This information has been prepared by IG, a trading name of IG Markets Limited. In addition to the disclaimer below, the material on this page does not contain a record of our trading prices, or an offer of, or solicitation for, a transaction in any financial instrument. IG accepts no responsibility for any use that may be made of these comments and for any consequences that result. No representation or warranty is given as to the accuracy or completeness of this information. Consequently any person acting on it does so entirely at their own risk. Any research provided does not have regard to the specific investment objectives, financial situation and needs of any specific person who may receive it. It has not been prepared in accordance with legal requirements designed to promote the independence of investment research and as such is considered to be a marketing communication. Although we are not specifically constrained from dealing ahead of our recommendations we do not seek to take advantage of them before they are provided to our clients.
China has been a focal point today as details from its Third Plenum have finally emerged. The four biggest changes are to the one child policy, the hukou policy (housing registration legislation), private investment and fiscal and tax laws. Different reforms have impacted different industries and the overall reaction today has turned out to be positive, with a sense of optimism that these reforms are for the better.
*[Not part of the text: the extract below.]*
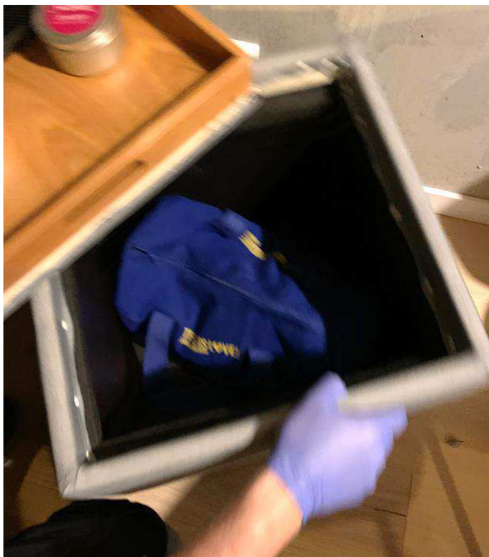
Bild 3. I lådan låg en blå tygväska som i ärendet fick beslagsnummer BG123999-4.

Property price data out of China today showed further gains underpinned by strong demand and helped fuel equities higher. Whether this means this rise in property prices will lead to some form of tightening remains to be seen, but for now investors are just happy to see that speculation of upcoming reforms have not impacted property prices in October ahead of the Third Plenum. The Hang Seng and Shanghai Composite are leading the gains, while the Nikkei has tacked on moderate gains to add to last week’s monster move higher.
Big week ahead for Japan
On the Japan front, we continue to watch USD/JPY closely ahead of what could be a big week for Japan. USD/JPY is the pair to watch at the moment as it remains elevated and looks to consolidate its break above 100. There are a couple of key releases from Japan this week, including trade balance and the BoJ meeting.
While the BoJ can never be ruled out to throw a few curlers in the mix, many analysts expect no changes to the pace of asset purchases, nor the tone of guidance. A key to look out for on the trade balance side of things is whether we’ll see a pick-up in real exports which is one of the key metrics given recent yen weakness. We might also get developments from Japan’s plan to come up with a package to counter the planned sales tax hike.
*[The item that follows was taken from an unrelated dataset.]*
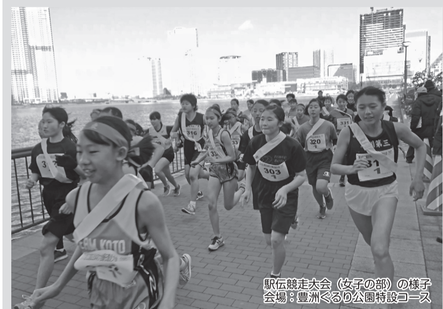
駅伝競走大会(女子の部)の様子 会場:豊洲冬の公園特設コース

第73回(平成31年度)江東区民体育大会の申込受付が2月21日から始まります。詳細は、江東区健康スポーツ公社のホームページをご覧ください。

On the USD side of the equation, Fedspeak will be the dominant theme with Bernanke, Powell, Tarullo, Dudley, Evans, Bullard Rosengren, George, Plosser, Kocherlakota and Lacker all set to speak. This will help shape up tapering expectations and give us a clearer indication of whether Fed members are in sync with Yellen. Perhaps all this Fedspeak will help the USD stem its slide in the near term. USD/JPY is currently facing near-term resistance in the 100.61 region. Should we see some near-term profit taking, I will still be looking to buy the dips.
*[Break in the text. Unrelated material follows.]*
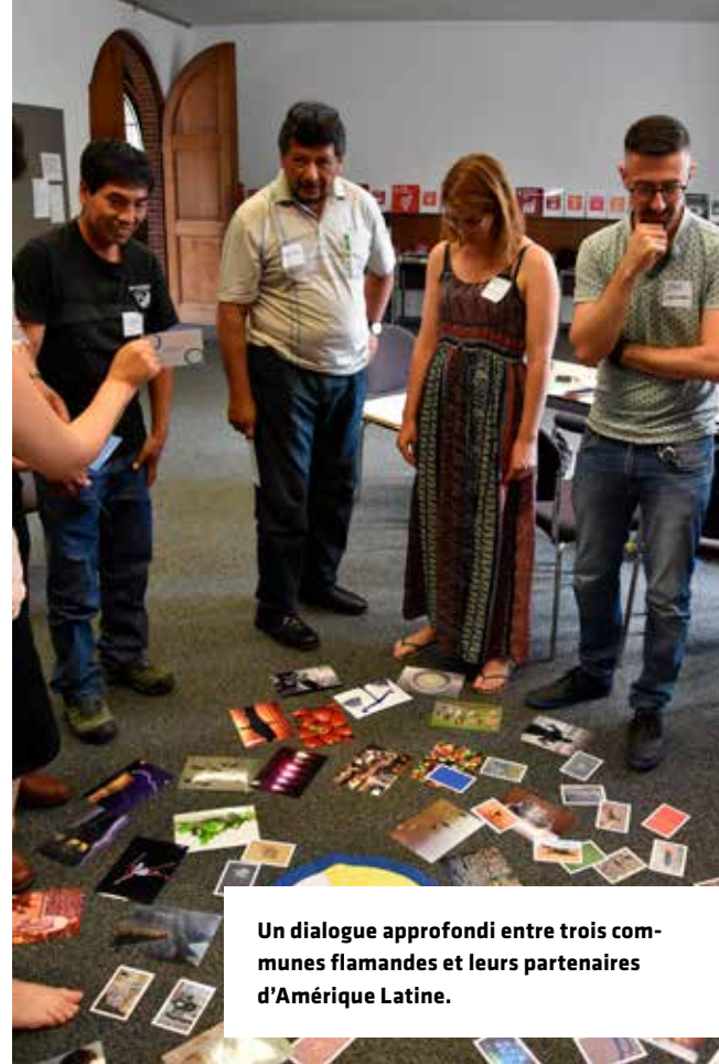
Un dialogue approfondi entre trois communes flamandes et leurs partenaires d'Amérique Latine.

Intégrez les ODD dans l'accord de collaboration et le programme pluriannuel stratégique avec la commune partenaire. Veillez (au minimum) à ce que les ODD soient explicitement mentionnés dans l'accord de collaboration avec le partenaire international communal et attribuez aux ODD un rôle à part entière en tant que cadre directeur de la collaboration internationale. Dans l'idéal, vous devriez aller un peu plus loin et établir le programme pluriannuel abordant les 17 ODD (ou les 169 cibles liées aux ODD) comme une approche délibérée pour tous les objectifs et/ou plans d'action stratégiques. Vous pouvez également choisir d'effectuer une analyse de matérialité ou d'impact (en néerlandais) au début du processus, afin d'identifier les ODD sur lesquels votre partenariat peut avoir le plus gros impact ou faire le plus de progrès. Ces ODD « prioritaires » peuvent ensuite être utilisés comme pierre angulaire de toutes les nouvelles activités dans le programme pluriannuel. Finalement, veillez à ce que le programme soit rédigé avec les Maires, échevins, fonctionnaires et acteurs de la société civile, et ce après qu'un échange ait eu lieu entre les différents groupes des deux communes autour des (sous-)objectifs des Nations Unies.

Europe in for a flat start
Looking ahead to the European open, the major bourses are facing a flat start with a relatively quiet session on the economic calendar. Current account and trade balance data for the region will be released later today, but aren’t expected to have too big an impact on the single currency. Something to look out for going forward will be how the recent rate cut will affect sentiment indicators. Over in the UK, MPC minutes will be the key event of the week for the pound and might shed more light on the hawkish turn we are seeing. The pound extended its gains after the BoE’s Weale said there has been an upturn in CPI expectations. This cemented some of the comments we had heard from Mark Carney last week and reinforced the idea that a rate cut in 2015 is on the cards.
Banks weigh on the ASX
The ASX has lagged the region today but has done well to come off its lows through the session. There was a great degree of caution at the open, but as soon as China opened and investors got a sense of the overwhelmingly positive reaction to the comments from the Third Plenum, we saw the local market recover. The major materials names are now in the black helped by the move we are seeing in China. However, the banks are lagging and I suspect this is to do with a switch into the cyclical names. Mining services names have been notably firmer today after having been serial underperformers all year.